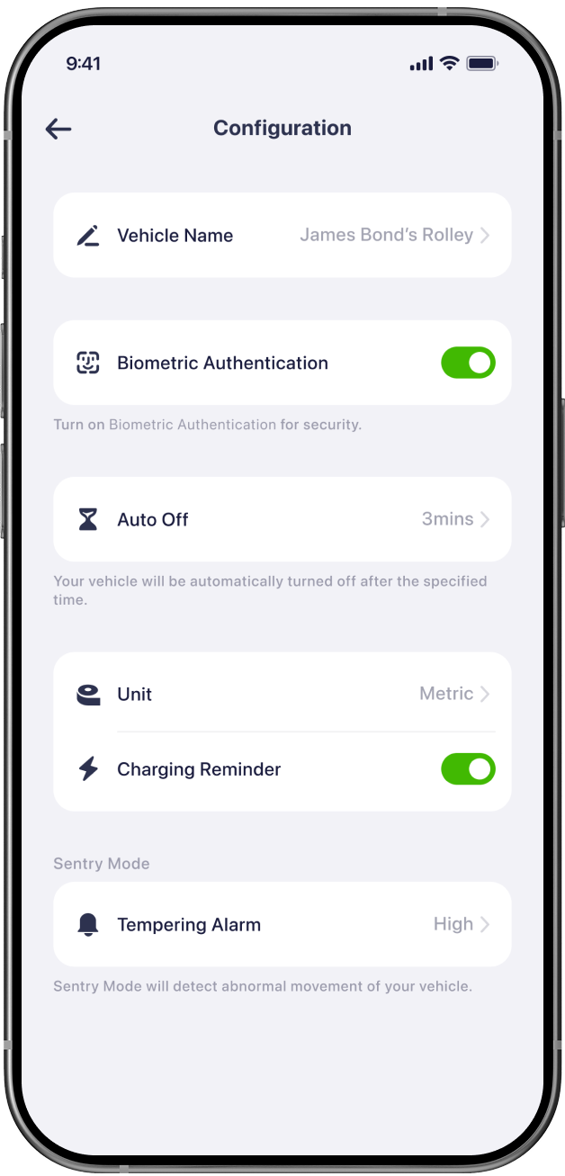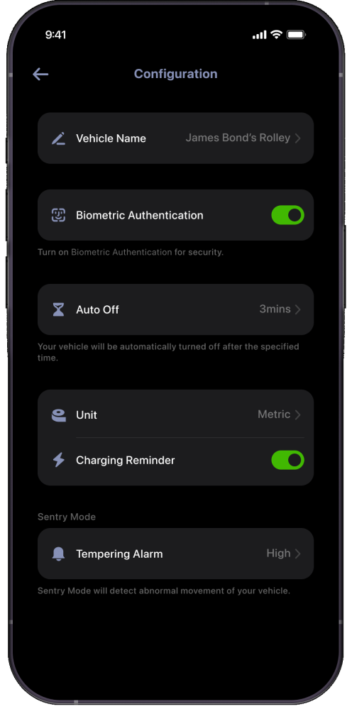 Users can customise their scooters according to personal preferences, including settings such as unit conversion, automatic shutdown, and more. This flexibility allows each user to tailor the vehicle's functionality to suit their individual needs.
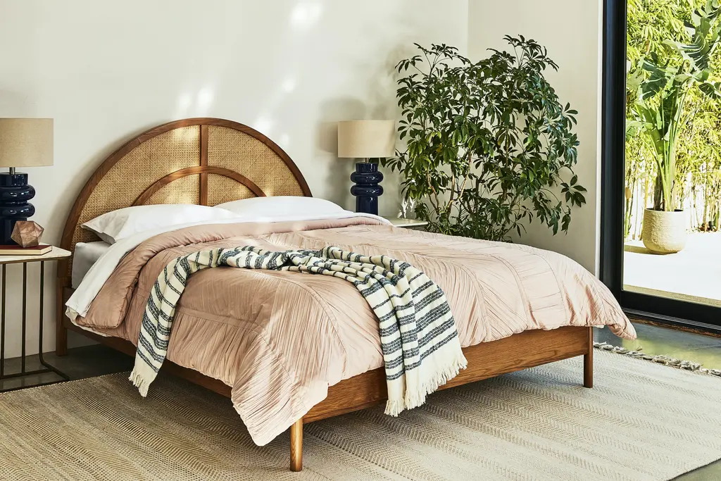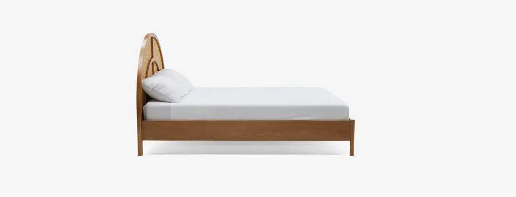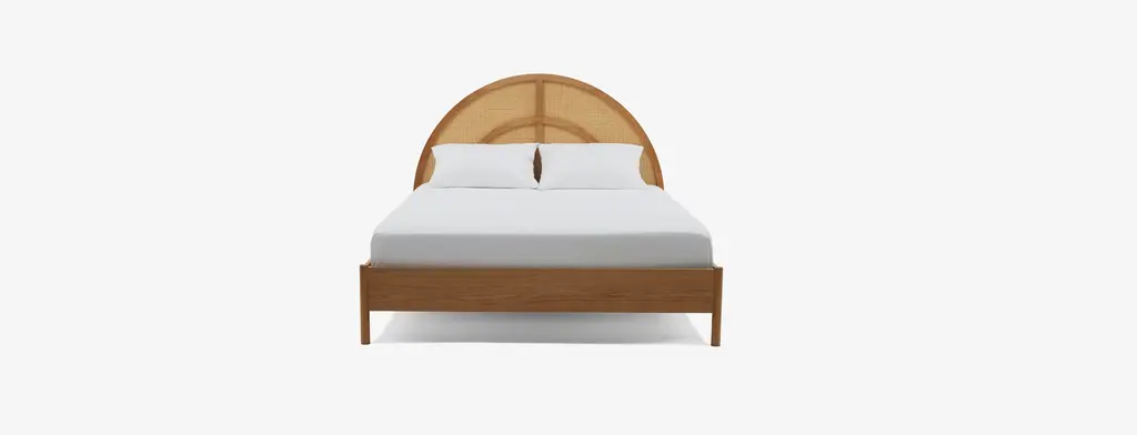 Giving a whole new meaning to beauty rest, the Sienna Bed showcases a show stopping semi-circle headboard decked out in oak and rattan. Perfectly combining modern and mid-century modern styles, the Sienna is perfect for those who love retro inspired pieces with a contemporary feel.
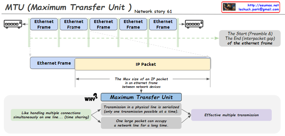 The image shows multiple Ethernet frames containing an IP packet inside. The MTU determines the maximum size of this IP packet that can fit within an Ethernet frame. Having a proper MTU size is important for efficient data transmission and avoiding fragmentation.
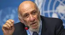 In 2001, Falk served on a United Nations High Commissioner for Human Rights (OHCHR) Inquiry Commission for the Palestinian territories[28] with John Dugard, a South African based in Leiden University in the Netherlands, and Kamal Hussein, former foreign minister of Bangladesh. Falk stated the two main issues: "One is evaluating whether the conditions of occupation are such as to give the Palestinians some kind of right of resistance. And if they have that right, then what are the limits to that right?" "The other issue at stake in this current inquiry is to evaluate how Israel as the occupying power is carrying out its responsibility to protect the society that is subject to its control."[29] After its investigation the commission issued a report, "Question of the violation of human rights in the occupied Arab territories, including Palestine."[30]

____

[Task] Set the preceding data down again word for word, omitting images.

[Solution to this task]
 Users can customise their scooters according to personal preferences, including settings such as unit conversion, automatic shutdown, and more. This flexibility allows each user to tailor the vehicle's functionality to suit their individual needs.
 Giving a whole new meaning to beauty rest, the Sienna Bed showcases a show stopping semi-circle headboard decked out in oak and rattan. Perfectly combining modern and mid-century modern styles, the Sienna is perfect for those who love retro inspired pieces with a contemporary feel.
 The image shows multiple Ethernet frames containing an IP packet inside. The MTU determines the maximum size of this IP packet that can fit within an Ethernet frame. Having a proper MTU size is important for efficient data transmission and avoiding fragmentation.
 In 2001, Falk served on a United Nations High Commissioner for Human Rights (OHCHR) Inquiry Commission for the Palestinian territories[28] with John Dugard, a South African based in Leiden University in the Netherlands, and Kamal Hussein, former foreign minister of Bangladesh. Falk stated the two main issues: "One is evaluating whether the conditions of occupation are such as to give the Palestinians some kind of right of resistance. And if they have that right, then what are the limits to that right?" "The other issue at stake in this current inquiry is to evaluate how Israel as the occupying power is carrying out its responsibility to protect the society that is subject to its control."[29] After its investigation the commission issued a report, "Question of the violation of human rights in the occupied Arab territories, including Palestine."[30]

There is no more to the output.